Définition du parcours et du profil du patient ciblé. On différencie :
Le parcours ciblé, c’est-à-dire le type de services voire la pathologie concernés
pouvant correspondre à une filière identifiée.
Exemples :
Parcours AVC : Neurologie SSR.
Parcours Gériatrie : Urgences CH1 Médecine CH2…
Le profil du patient, c’est-à-dire les caractéristiques individuelles tels que la tranche
d’âge, les comorbidités éventuelles, le type précis de pathologie ciblée…
Exemples : Patient de moins de 50 ans ayant présenté un AVC avec séquelles minimes. Patient de plus de 80 ans, seul à domicile …
Les modalités de choix du parcours ciblé figurent dans l’encadré page suivante.
Définition commune des objectifs de la démarche entre les deux établissements. Il s’agit
d’identifier les problématiques communes sur lesquelles les établissements souhaitent cibler
leur évaluation et leurs actions d’amélioration.

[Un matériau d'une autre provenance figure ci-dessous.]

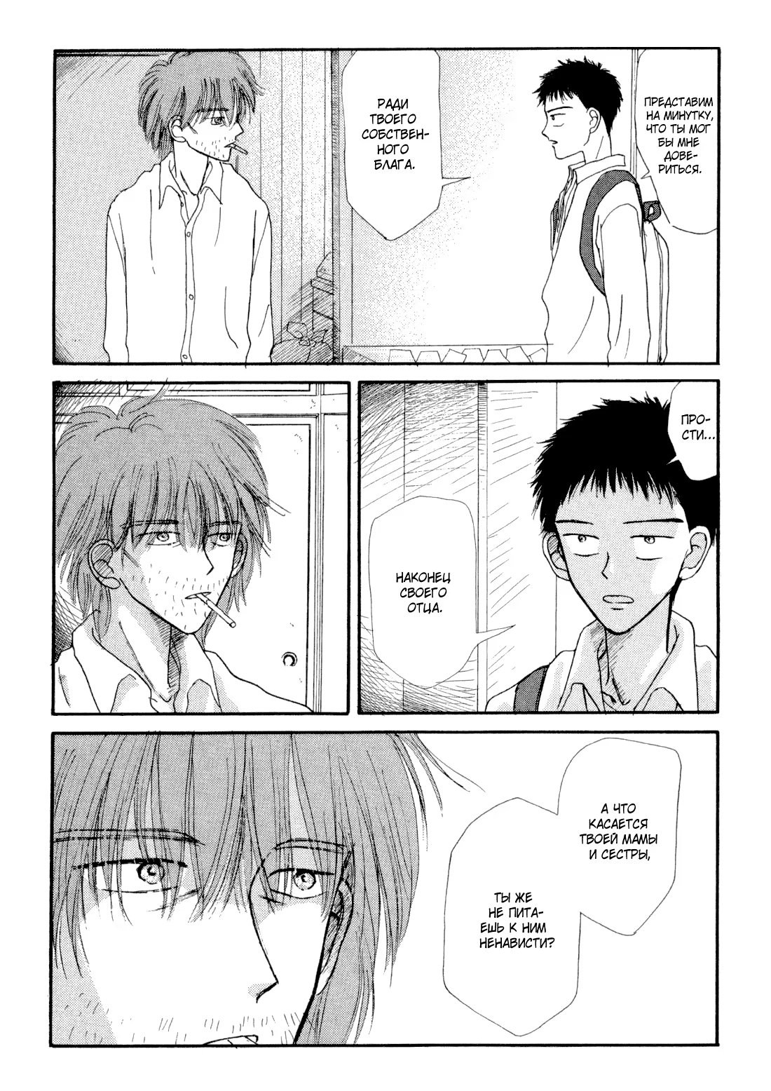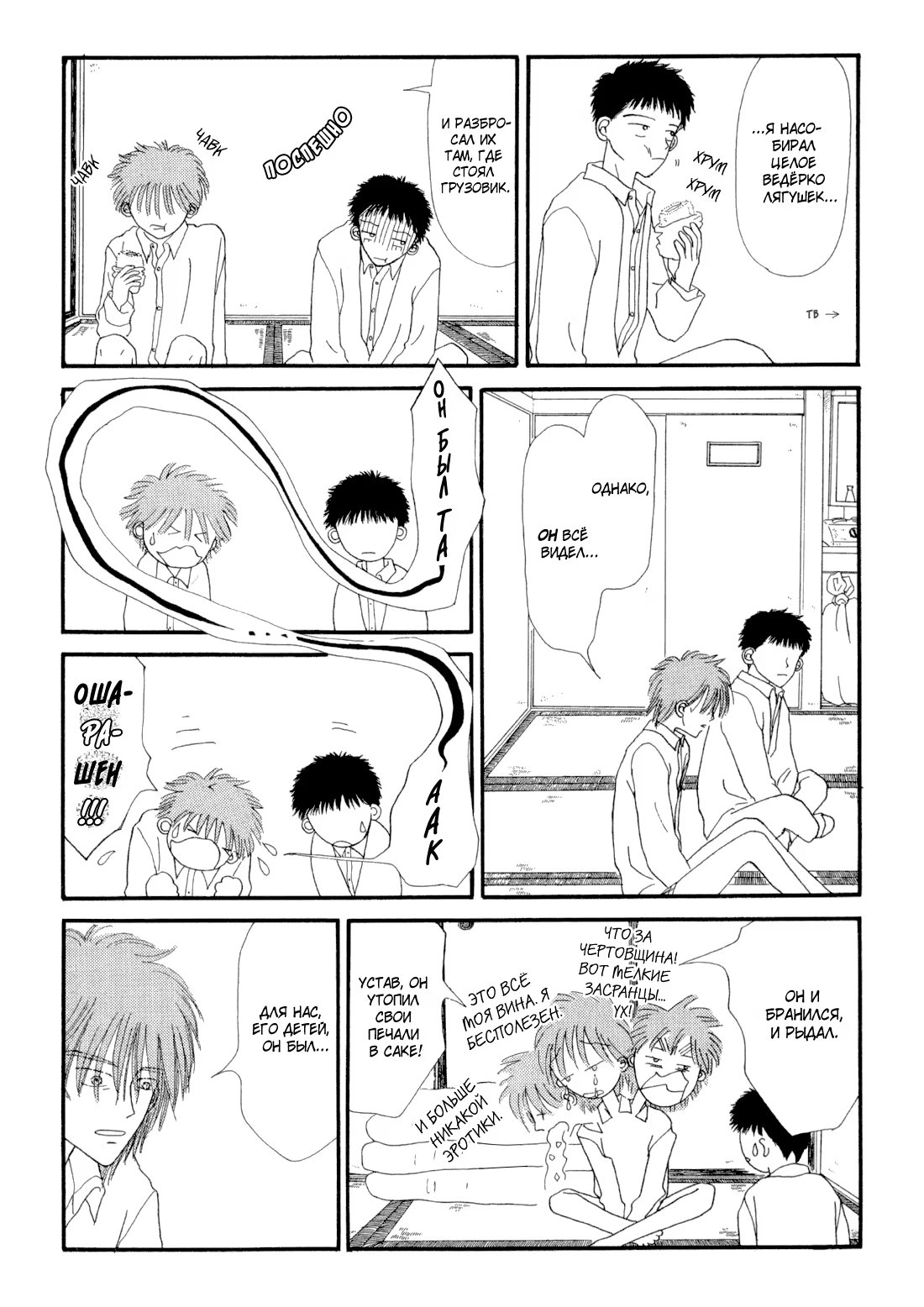 Первая опубликованная работа Хигучи Асы, автора манги «Замахнись сильнее»/«Ookiku Furikabutte». В 1998 году ван-шот победил в престижном конкурсе «Сики» сэйнэн-журнала Afternoon, где был отмечен за неповторимые взаимоотношения между персонажами, и стал дебютом Хигучи в качестве мангаки.

Identification des éventuels référentiels correspondants aux parcours et profil ciblés
(recommandations HAS, sociétés savantes, protocole interne aux établissements…) afin
d’adapter la grille d’évaluation. Le CAPPS Bretagne peut être sollicité dans ce cadre afin
d’identifier les référentiels pertinents et les documents mobilisés dans d’autres équipes de la
région.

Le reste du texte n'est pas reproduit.